In `tsissm`, if y_t is missing, the innovation $\varepsilon_t$ is set to 
zero — its expected value — effectively treating the model output as a 
one-step-ahead forecast. These missing values are ignored in the likelihood and 
handled correctly during state filtering.

```{r}
full_dates <- seq(index(co2)[1], tail(index(co2),1), by = "days")
co2_full <- xts(rep(as.numeric(NA), length(full_dates)), full_dates)
co2_full <- cbind(co2_full, co2, join = "left")
co2_full <- co2_full[,-1]
```

This new dataset now spans a regular daily grid. The percentage increase in data 
points (mostly NA) is: `r paste0(round(100 * (NROW(co2_full)/NROW(co2) - 1),0), "%")` more data points which are all missing values.
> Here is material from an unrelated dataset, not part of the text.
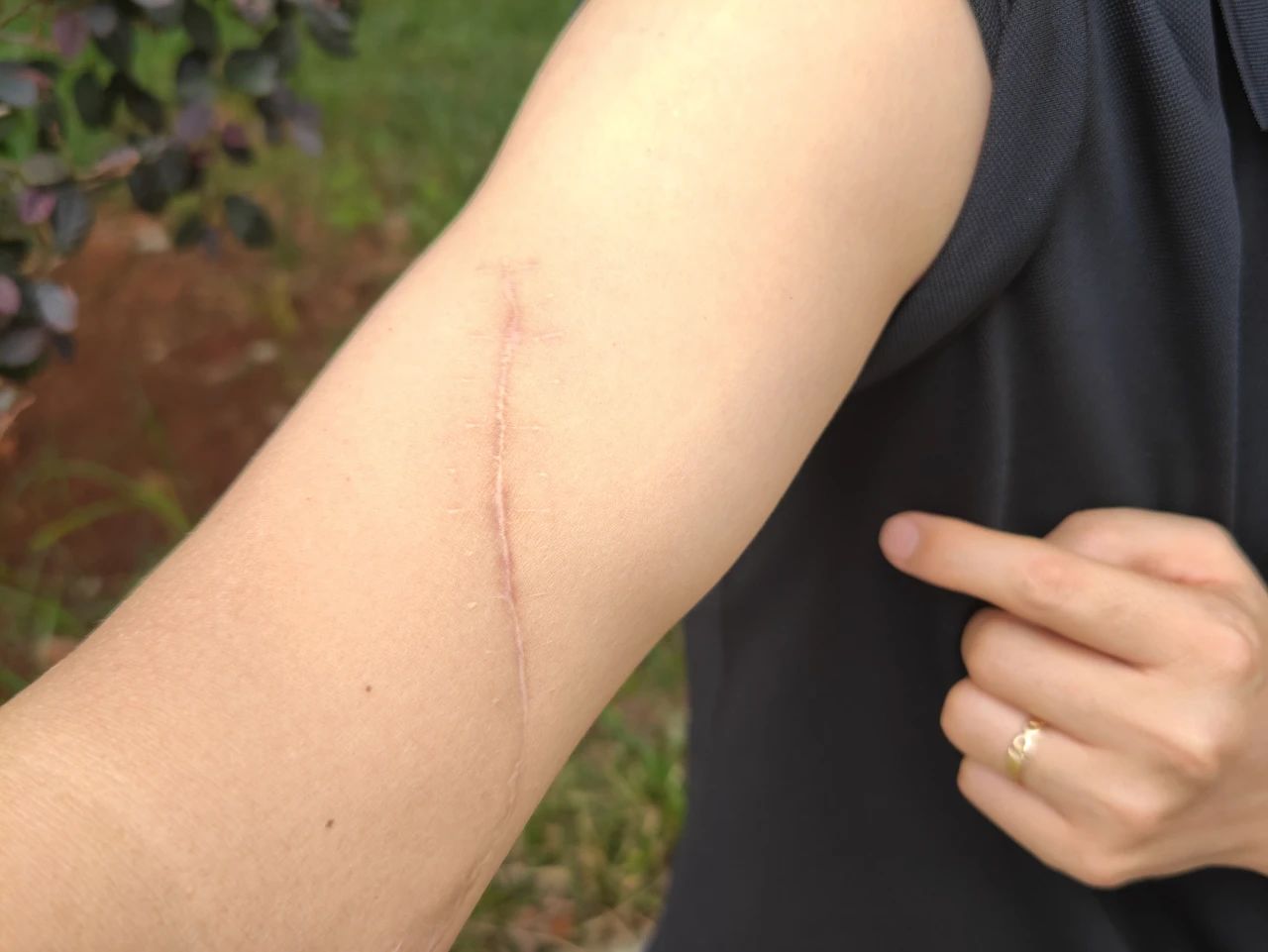 3個多小時的手術,縫了50多針,經過一年半的恢復期后,王祿勇才能抬起手臂,但大幅度的活動仍然受限,這道“S”形的傷疤永遠留在了他的手臂上,一遇上濕寒天氣,就隱隱作痛。

## Re-estimating with Regularized Calendar Time

```{r, fig.width=6,fig.height=3}
train_full <- co2_full["/2023"]
test_full <- co2_full["2024/"]
spec <- issm_modelspec(train_full, slope = TRUE, seasonal = TRUE, seasonal_frequency = 366, seasonal_harmonics = 5, distribution = "norm")
# fixed slope
spec$parmatrix[parameters == "beta", initial := 0]
spec$parmatrix[parameters == "beta", lower := 0]
spec$parmatrix[parameters == "beta", estimate := 0]
mod <- estimate(spec, scores = FALSE)
p <- predict(mod, h = length(test_full), nsim = 3000, forc_dates = index(test_full))
opar <- par(mfrow = c(1,1))
par(mar = c(2,2,2,2))
plot(p, n_original = 600, gradient_color = "yellow", interval_color = "orange", main = "CO2 [Correct] Model Prediction", median_width = 1, xlab = "")
lines(index(test_full), as.numeric(test_full), col = 3)
legend("topleft", c("Median Forecast","Actual"), col = c(1,3), lty = 1, bty = "n")
par(opar)
```

The forecast now clearly aligns better with the actual seasonal pattern — the 
phase error seen earlier has been corrected.

## Evaluation

We compare forecast accuracy between the naive and corrected models using MAPE and CRPS. 
Only non-missing values are considered:

```{r}
use <- which(!is.na(as.numeric(test_full)))
tab <- data.frame(MAPE = c(mape(as.numeric(test), as.numeric(p_naive$analytic_mean)) * 100, 
                           mape(as.numeric(test_full)[use], as.numeric(p$analytic_mean)[use]) * 100),
                  CRPS = c(crps(as.numeric(test), p_naive$distribution), crps(as.numeric(test_full)[use], p$distribution[,use])))
rownames(tab) <- c("Naive","Correct")
colnames(tab) <- c("MAPE (%)", "CRPS")
tab |> kable(digits = 2)
```

The table shows a clear improvement in both metrics for the correctly specified model — particularly a halving of the MAPE.

## Conclusion

Irregular sampling in time series — especially those with seasonal structure — can 
significantly impair model inference and forecasting. This vignette demonstrated 
how naive models fitted on irregular time bases can introduce phase errors and bias. 
By recasting the series onto a regular grid with missing values, and leveraging 
`tsissm’s` built-in support for such data, we were able to restore seasonal 
fidelity and greatly improve forecast accuracy.

This approach is general and applicable to many real-world time series where 
regular sampling cannot be guaranteed.